Neben Hofmannsthal und der von ihm hochgeschätzten Witwe Ottonie von Degenfeld-Schonberg, der er den Weg aus der tragischen Trauermelancholie weisen will, lässt Bechtolf auch Richard Strauss als Komponisten auftreten, der, von der Muse Zerbinetta geküsst, anscheinend zur zirzensischen Musikalität inspiriert wird. In Zusammenarbeit mit Choreograf Heinz Spoerli zeigt sich Bechtolfs Regiegeschick. In tänzerischer Beschwingtheit verbindet er drei Spielebenen, wobei die Figuren der Rahmenhandlung, von Hofmannsthal und Ottonie, leitmotivisch immer wieder präsent sind und sich in Kostümduplizierungen in der heiteren Hülle die tiefen Seelenkonflikte assoziieren lassen. In munterer Theatralik überraschen vor allem Cornelius Obonyas quirlig naiver Monsieur Jourdain und Peter Matic schlitzohrig charmanter Haushofmeister immer wieder mit origineller Situationskomik, nicht minder das parodistische Tanzensemble.

Suggestive Leuchtkraft

Bühne und Kostüme (Rolf und Marianne Glittenberg), reduziert auf strahlendes Weiß, setzen die Inszenierung der depressiven Ariadne suggestive Leuchtkraft entgegen, intensiviert durch wenige Hutfarbtupfer der Commedia-dell'arte-Figuren. Wie deplatzierte Geister erscheinen die ankommenden Künstler, erblickt durch eine große Fensterfront im Park. Ein Vorhang schafft die Verwandlung zum parodistischen "Dinner for Three", eine breite Treppe die Bühne auf der Bühne, auf der zerborstene Flügel die öde Insel Naxos inklusive Höhlendasein verletzter Seelen symbolisieren, auf denen Harlekin und Co. nichtsahnend Roller fahren, herumpurzeln und neue Lebensfreude schaffen. Ein wunderbares Bild, dass ohne Liebe auch die Kunst zerbirst und umgekehrt die Kunst die Liebe gebiert.

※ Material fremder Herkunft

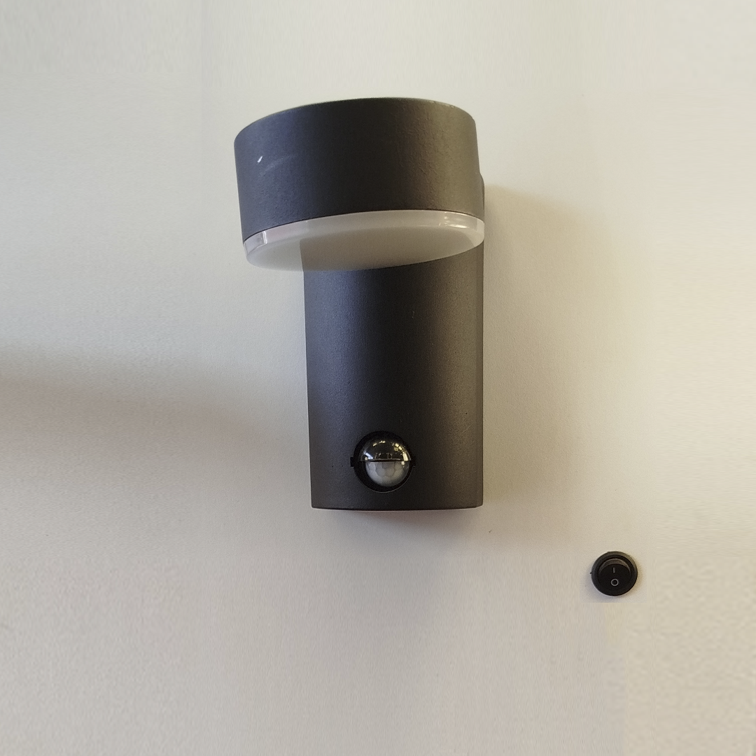 Luminario de pared con sensor de movimiento, de led, blanco cálido, 12 Watts, cilíndro salida de luz indirecta rotativo, de sobreponer dirigible, aluminio acabado negro, 110-130V ca, protección IP54 ILU366130SB – ILUMILEDS
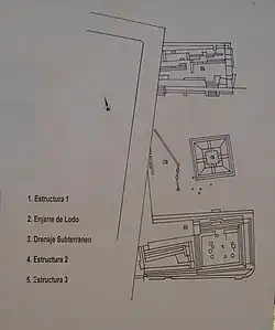 A um lado da Estrutura 2 do complexo arqueológico de La Campana encontram-se algumas pedras talhadas. Aqui também pode observar-se parte do sistema subterrâneo; realizado para coletar e evacuar a água das chuvas. Originalmente estava coberto com pedras. Seu traço segue o contorno dos edifícios.

Die musikalische Exklusivität der "Ariadne auf Naxos" lässt Daniel Harding bereits in der Ouvertüre aufklingen. Mit den Wiener Philharmonikern entsteht ein Feuerwerk klanglicher Stimmungsfarben und Instrumentallinien. Dem temperamentvollem Dirigat Hardings halten die Sängerinnen dagegen. Mit orgiastischen Höhepunkten und liebreizendem Charme singt Elena Mosuc die überaus schwierige Koloraturpartie der Zerbinetta. Emily Magee gelingt der sängerische Gegenpart als verzweifelte Ariadne mit klangvoller Höhe. Jonas Kaufmann gibt einen stimm-betörenden Bacchus ab.

Festspielwürdige Inszenierung

Bild, Ton, Ausdruck, Theater, Tanz und Oper werden eins, eine festspielwürdige Inszenierung, weil sie Ungewöhnliches mit Humor wagt, Altes neu entdeckt, absolut innovativ zur Diskussion provoziert und selbstironisch den Salzburger Festspielbetrieb auf die Schippe nimmt, wenn Monsieur Jourdain in seinem Ringen um den "Verkehr mit großen Herren" das Schlusswort behält.